Рагеш был нашим гостем, и его попросили читать молитву. Выло свежо, и люди неподвижно застыли, запахнувшись с головы до пят в полосатые плащи и закрыв лица, пока рабби читал:

— Шма Исраэль, Адонай Элокейну, Адонай эхад… (Шма Исраэль, Адонай Элокейну, Адонай эхад — Слушай, Израиль: Господь, Бог наш, Господь един. (Иврит).).

Я искал глазами Моше бен Аарона и нашел его. Взошло солнце, и в старую нашу синагогу хлынул поток света. Мы молились о мертвых. Но сам я тоже был мертв. Я жил, но я был мертв. К тому времени, когда молитва окончилась, в синагоге собралась уже вся деревня: и мужчины, и женщины, и дети.

— Чего требует Бог? — вопросил рабби Рагеш тем же тоном, каким он читал молитву. — Он требует повиновения.

— Аминь, да будет так! — промолвили люди.

— Сопротивление деспотизму — не есть ли это повиновение Богу? — негромко продолжал маленький незнакомец.

— Да будет так! — ответила толпа.

— А если ядовитый змей грозит укусить меня, а ли не раздавлю его пятою?

— Да будет так! — сказали люди, и послышалось всхлипывание женщин.

— А если змей грозит Израилю, мы ли не встанем на его защиту?

— Да будет так!

— Если нет человека, чтобы рассудить Израиль с врагами его, поверит ли Израиль, что Господь оставил его?

— Да будет так!

— И найдется ли Маккавей у нашего народа?

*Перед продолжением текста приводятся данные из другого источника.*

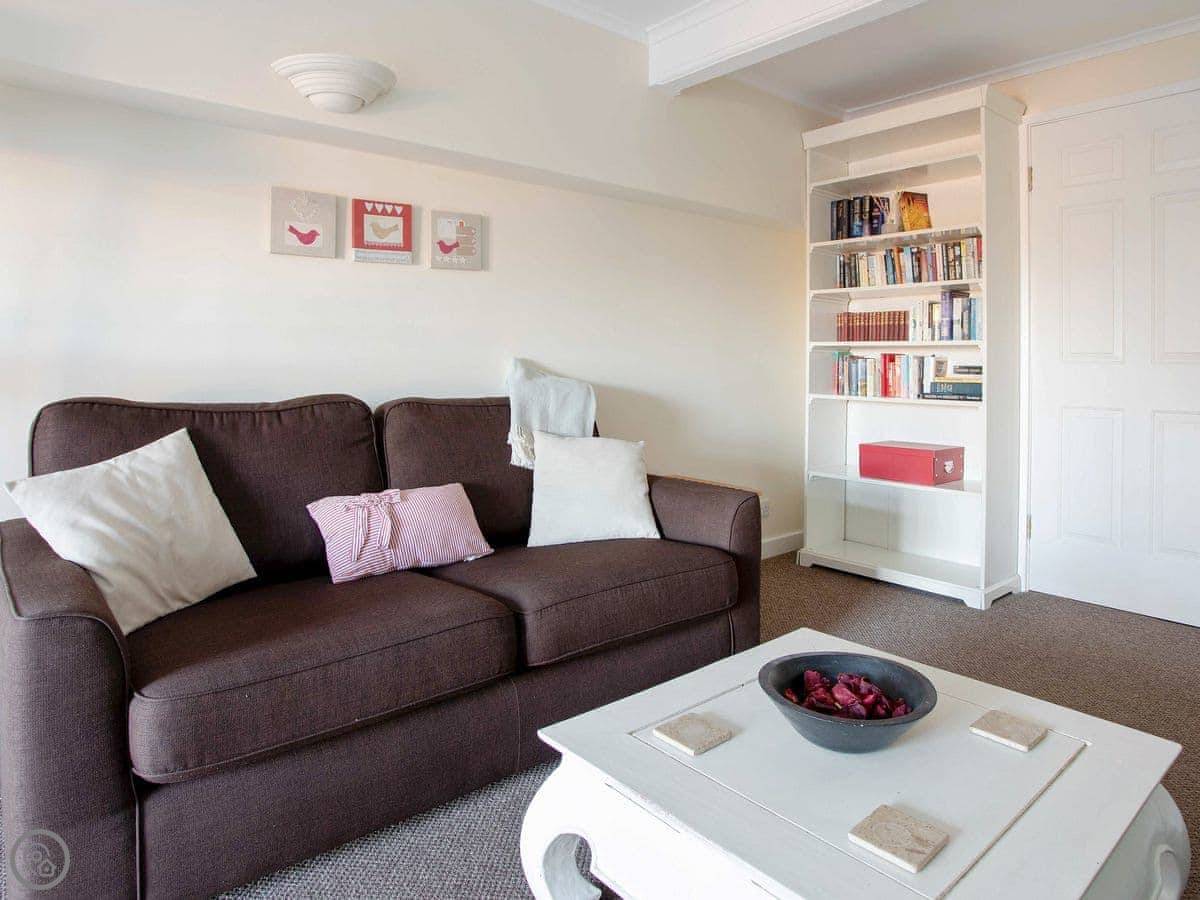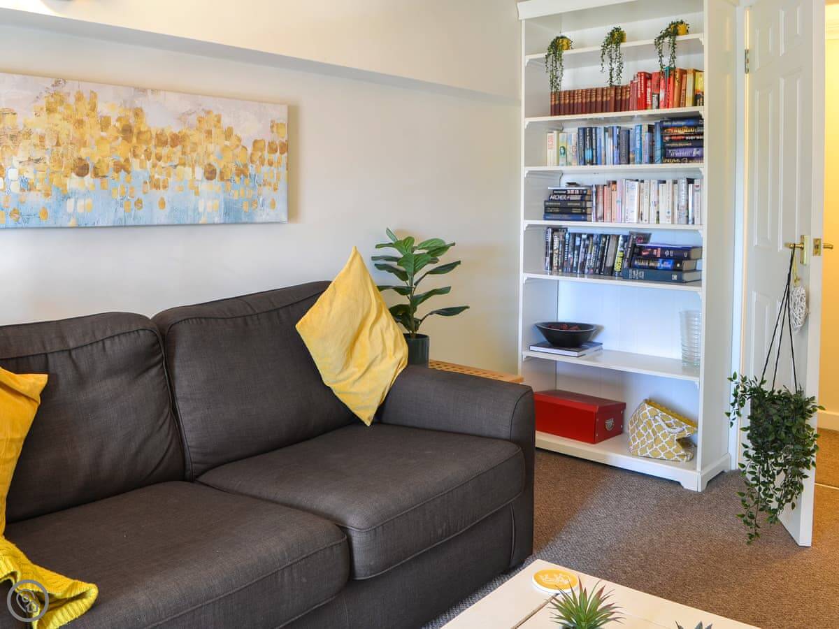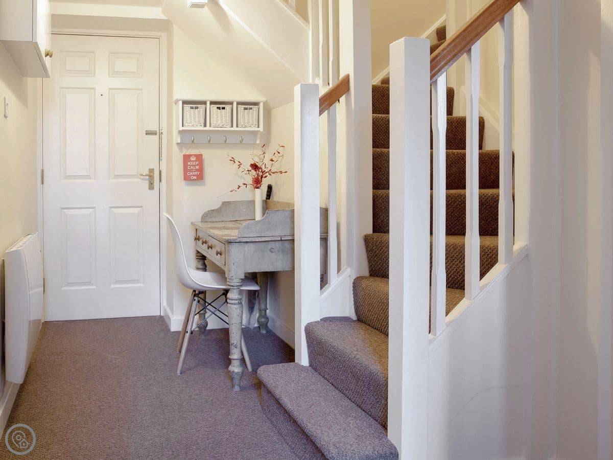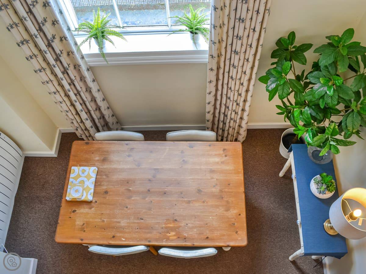 It sleeps four. Two bedrooms, one bathroom. It’s got a 4 Star rating. It’s spacious and has big windows, so it’s light. One of the bedrooms is on a mezzanine level above the living area, with a balcony looking down. The other bedroom and a second living space are up another flight of stairs. The stairs inside are a fairly standard spiral type.
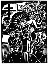 Masereel’s work in the “woodcut novel” genre contains his greatest achievement, Mon Livre d’Heures (kept in print by City Lights books under the title Passionate Journey). Mon Livre d’Heures is a small masterpiece, a kind of autobiography of the spirit. The story is characterized by a love of human labor, a sacramental devotion to the everyday, and a view of human identity as a complex interpenetration of circumstances, both personal and historical. It ends with a bold intrusion of metaphysics, as unexpected as it is profoundly affecting.The two Masereel books that have been returned to print are also woodcut novels, Story Without Words and The Idea, published together in one volume by Shambhala Press. Neither are up to the standard of Mon Livre d’Heures, but both are very enjoyable. As Thomas Mann wrote of Masereel’s lesser works: “They are all so strangely compelling, so deeply felt, so rich in ideas that one never tires of looking at them.”
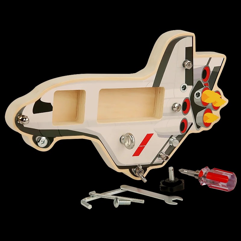 A készlet igazi csavarhúzót és különböző méretű csavarokat tartalmaz, amelyek biztonságosan használhatók és tökéletesen illeszkednek a kis kezekbe. Az űrrepülő hajtóművei forgatható elemek, ami extra játéklehetőséget biztosít. A Montessori elvek szerint a gyerekek cselekvés közben tanulnak a legjobban!
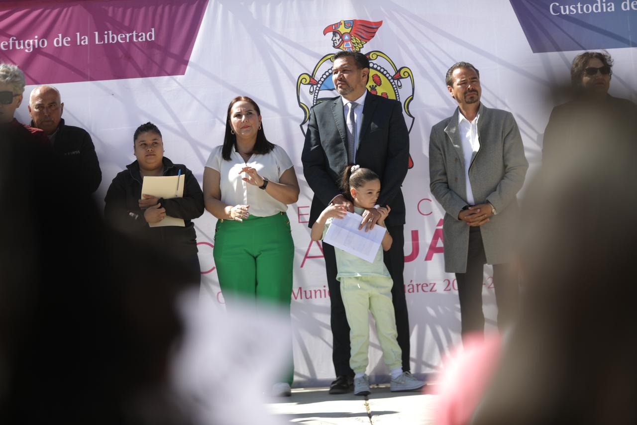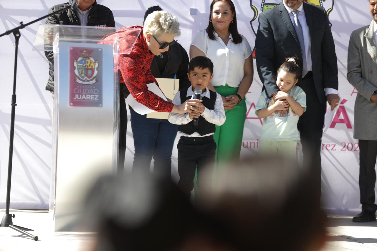 Frente a decenas de pequeños que estudian en el lugar, el alcalde dijo estar convencido de seguir apoyando a la niñez y juventud juarense.
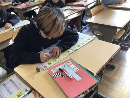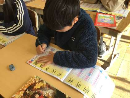 書き初め大会は終わりましたが、日々の漢字練習も集中して丁寧に書いています。
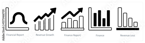 A set of 5 mix icons as finance report, revenue growth, finance
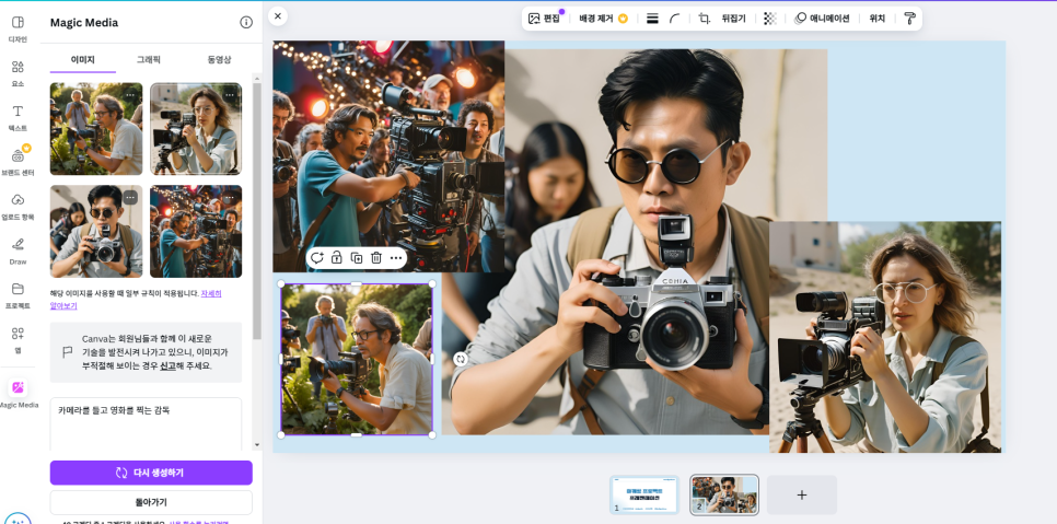 캔바에서 제공하는 앱을 사용하면 포토샵을 잘 다룰 수 있는 디자이너가 작업할 수 있는 정도의 작업물을 캔바를 통해 쉽게 수정할 수 있네요.
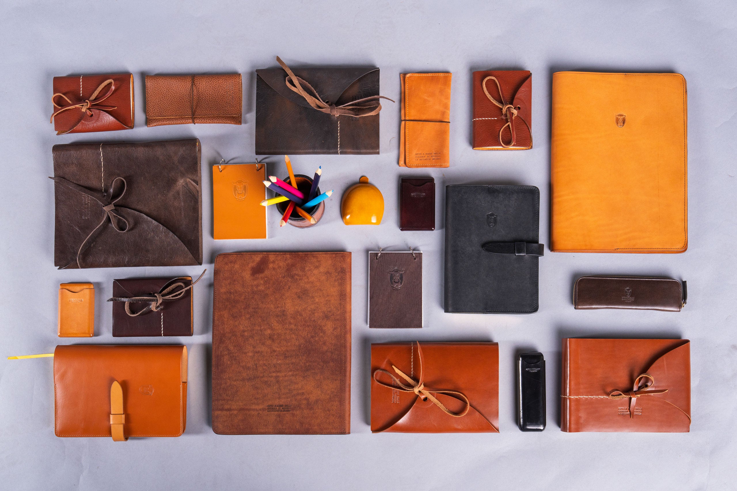 Il tannino, estratto da piante e cortecce, dona al cuoio calore, carattere e la capacità di migliorare con il tempo: ogni pezzo diventa unico, vivo, personale.
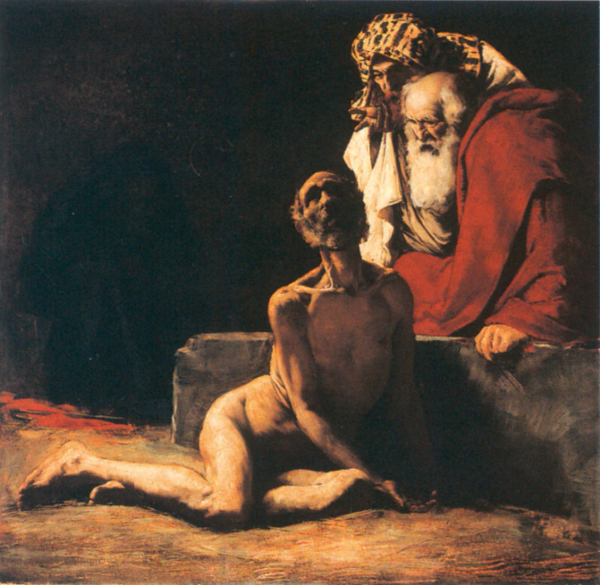 A festményen azt a jelenetet láthatjuk, amikor Jób mindenét elveszítve teljes meztelenségében és kiszolgáltatottságában a földön hever, miközben barátai tanácsokkal látják el. Jób a meg nem értettség és magány kínjait átélve Istenhez kiált, és kitart saját igaz volta mellett – amelyet végül maga Isten fogad el, bár szembesíti Jóbot azzal, hogy csak a Teremtő lehet mindenek tudója, és minden élet hozzá tartozik.
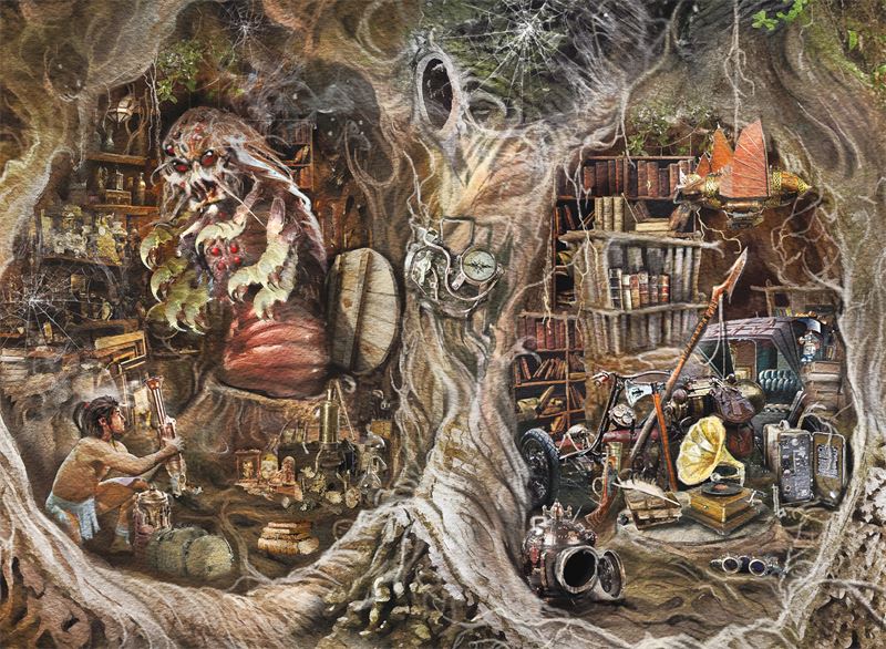 Похожие на короткие обрубки древесного ствола ноги на удивление мягко и бесшумно скользили со ступени на ступень, а верхние конечности, по паре справа и слева, в локтевых суставах разделялись на некие подобия клешней, так что рук у великана было даже не четыре, а восемь! Остроконечную головогрудь его усеивали красноватые бусинки, напоминающие многочисленные глаза паука, вместо рта зияла некая безобразная щель, а по обе стороны от нее покачивались сегментированные усики, словно у трехкрылки, только намного длиннее и толще. Как ни поразительно, но хозяин дупла, напичканного чудесными вещами, был уродливее брюхорыла.
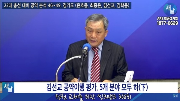 2024년02월06일(화요일) 새날 유튜브 방송은 2020년 21대 국회의원 선거에서 당선된 경기도 여주시·양평군 김선교 의원이 제시한 선거공약을 평가했다. 평가를 위한 방송에는 푸른나무, 이상구 원장, 민진규 소장(국가정보전략연구소)이 출연했다.
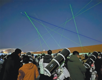 “爸爸,那顆星星好亮!”“是啊,你知道它叫什么嗎?”來自廣東的游客黃慶秋帶著女兒仰臥在觀星椅上,參照著手機里的觀星軟件,為女兒進行講解。“我們是專程來這里看星星的。聽說凌晨還能看到銀河,已經(jīng)把鬧鐘設置好了。”黃慶秋說。
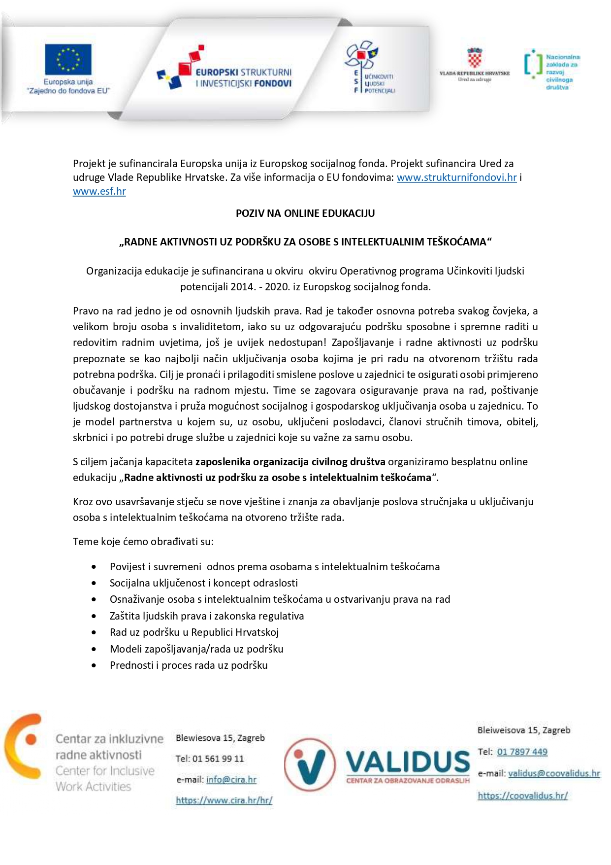 Centar za inkluzivne radne aktivnosti, u partnerstvu s Centrom za obrazovanje odraslih Validus, provodi jednogodišnji projekt naziva “Ojačajmo Civilno Društvo”. U okviru projekta za zaposlenike organizacija civilnog društva s područja 7 županija (Grad Zagreb, Sisačko-moslavačka, Bjelovarsko-bilogorska, Požeško-slavonska, Bordskoposavska, Osječko-baranjska, Šibensko-kninska) organiziramo besplatnu online edukaciju „Radne aktivnosti uz podršku za osobe s intelektualnim teškoćama“.
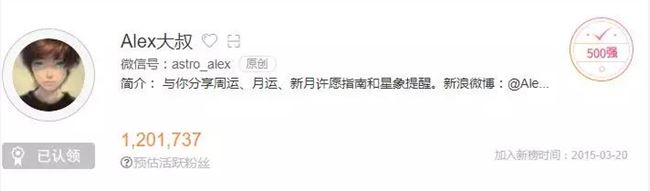从星座切入生活,给予读者关于生活、职场、学业、爱情等方面的分析解读,不满而立之年的神秘“大叔”Alex,目前已经在两微平台拥有共计近 1600 万粉丝,其中包括 1400 万+微博粉丝,以及 180 万+微信公号粉丝,并且仍在以稳定速度增长。
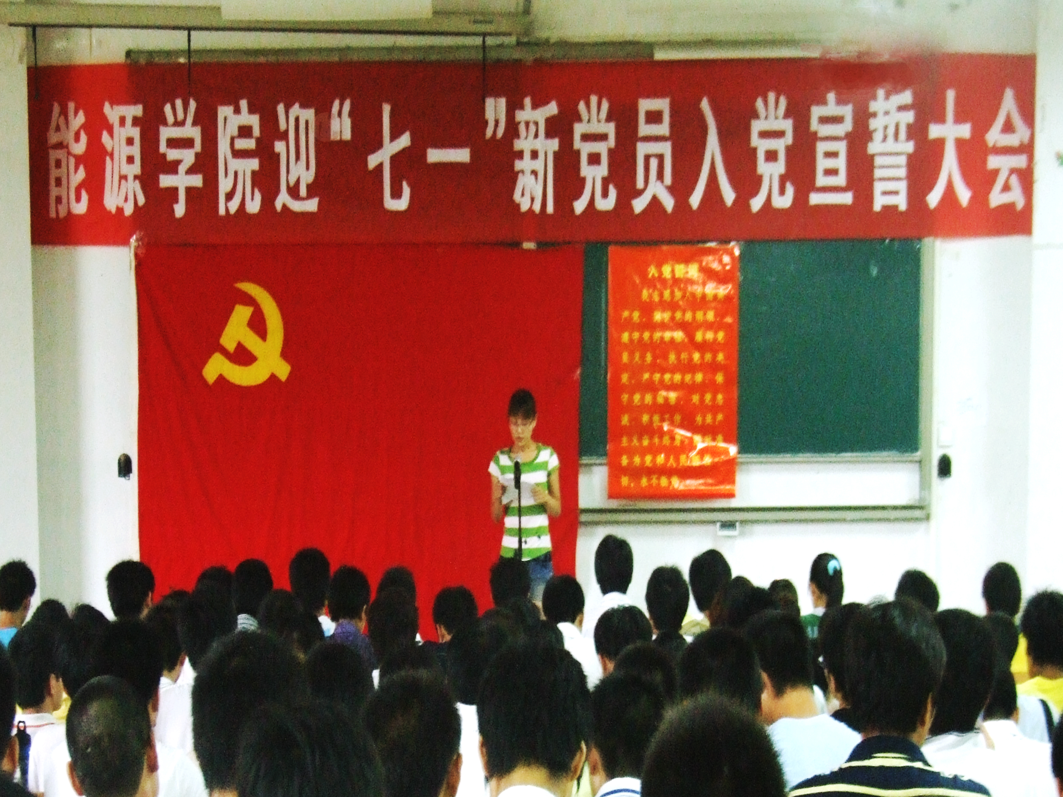 大会在庄严的国际歌中开始。能源学院06级辅导员王明中首先宣读了参加宣誓的新党员名单和领誓人、监誓人名单。接着,在院团委书记支光辉的领誓下,115名新党员面向鲜红的党旗,举起右拳,庄严宣誓。雄浑、激昂的旋律过后,能源学院党委书记魏平儒代表院党委对新党员表示祝贺并致以热烈欢迎。在讲话中,他希望新党员们在今后的工作、学习和生活中,以更高的标准要求自己,时刻牢记入党誓词,以更加出色的学习与工作成绩为党旗增辉。
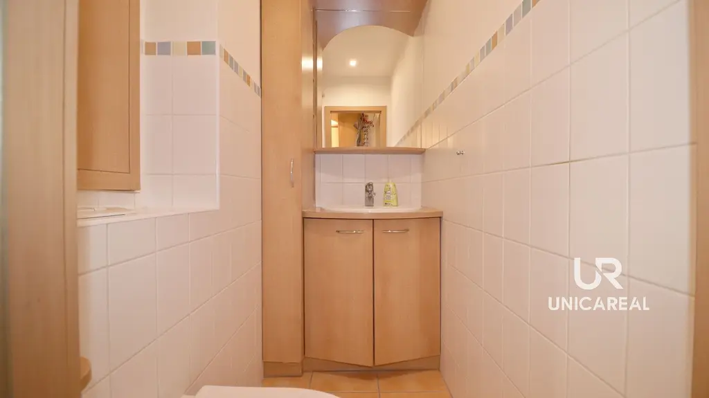 Byt zaujme již při vstupu – velká předsíň 8,3 m² nabízí dostatek místa pro vestavné skříně. Dispozice je velmi praktická a funkční pro rodinné bydlení.
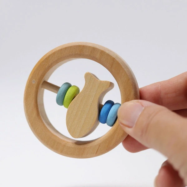 The beautiful timber Grimm’s Circle Fish Rattle Zeppo is the perfect size for the smallest of hands. The brightly coloured beads in the middle will attract attention not only for their brilliant colours but also for the lovely soft sound they make as they move around along with the fish.
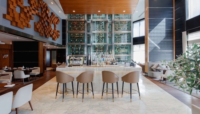 Notre hôtel propose une excellente cuisine dans le cadre confortable de notre établissement : il n’est donc pas nécessaire d’aller loin pour savourer un bon repas. Nous souhaitons cibler un public varié en proposant des plats internationaux et des menus pour enfants. Pour vous rafraîchir pendant la journée ou prendre un en-cas entre les repas, rendez-vous dans nos deux bars sur place.
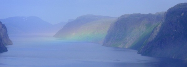 Horizontal rainbow in the mist over Harp Lake, July 3
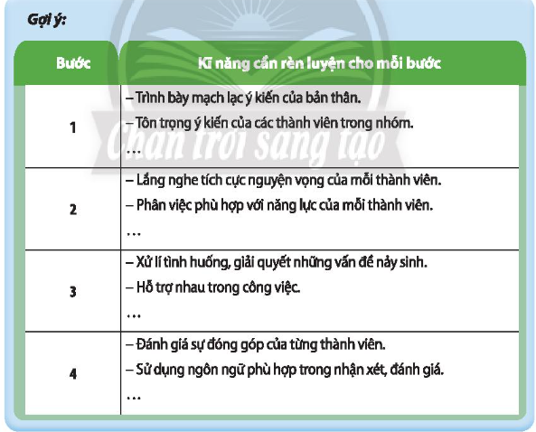 Chỉ ra  nội dung cụ thể của các bước hợp tác thực hiện nhiệm vụ chung và những kĩ năng cần rèn luyện trong mỗi bước.
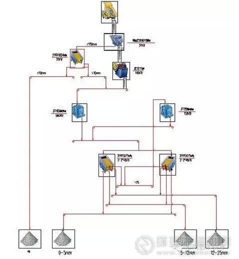 結合啟新骨料原料特性>120 MPa、屬中低硬度)及含土量較高、周邊石粉(<5mm)市場需求較為穩定但總量較小的基本情況,啟新骨料生產工藝確定為
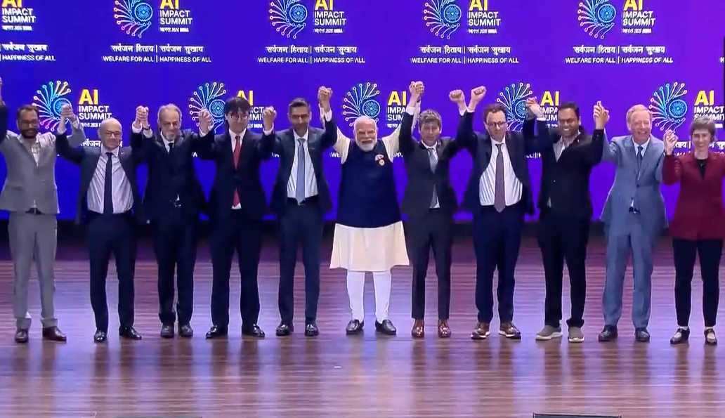 Indijas AI ietekmes samitā Ņūdeli Indijas premjerministrs Narendra Modi pulcēja uz skatuves 13 pasaules tehnoloģiju līderus, lai simboliski izrādītu solidaritāti. Kamēr kameras mirgoja un pūlis aplaudēja, Modi mudināja vadītājus sadoties rokās un pacelt tos.

— Аминь! — промолвили люди.

И Рагеш им ответил:

— Аминь! Да будет так!

Он прошел сквозь толпу и приблизился к Иегуде; он положил ему руки на плечи, притянул его к себе и поцеловал в губы.

— Скажи им, — обратился он к Иегуде. Я уже говорил, что Иегуда вернулся иным: исчезла его застенчивость, появилось смирение. Он вышел вперед и остановился в лучах солнца, с широких плеч свисал просторный плащ, голова склонилась, и каштановая борода сверкала на солнце, словно в ней разгоралось пламя. Я перевел глаза с Иегуды на адона и увидел, что старик плачет, не стыдясь своих слез.

— Я прошел по земле, — начал Иегуда негромко, так что людям пришлось сгрудиться вокруг него, чтобы расслышать, — и увидел страдания народа. Везде было то же, что в Модиине; нет в Иудее счастья. Куда бы я ни приходил, я повсюду спрашивал людей: «Что вы собираетесь делать? Что вы намерены делать?»

Иегуда помедлил, и в мертвой тишине синагоги слышно было лишь рыдание матери Рут. И Иегуда продолжал более громко:

— Почему ты рыдаешь, мать моя? Или нам уже не осталось ничего, кроме слез? Я пришел сюда не для того, чтобы лить слезы. Я видел тысячи сильных евреев, но нашелся только один человек, знающий, что нам делать, — это рабби Рагеш, которого на всем юге люди зовут отцом.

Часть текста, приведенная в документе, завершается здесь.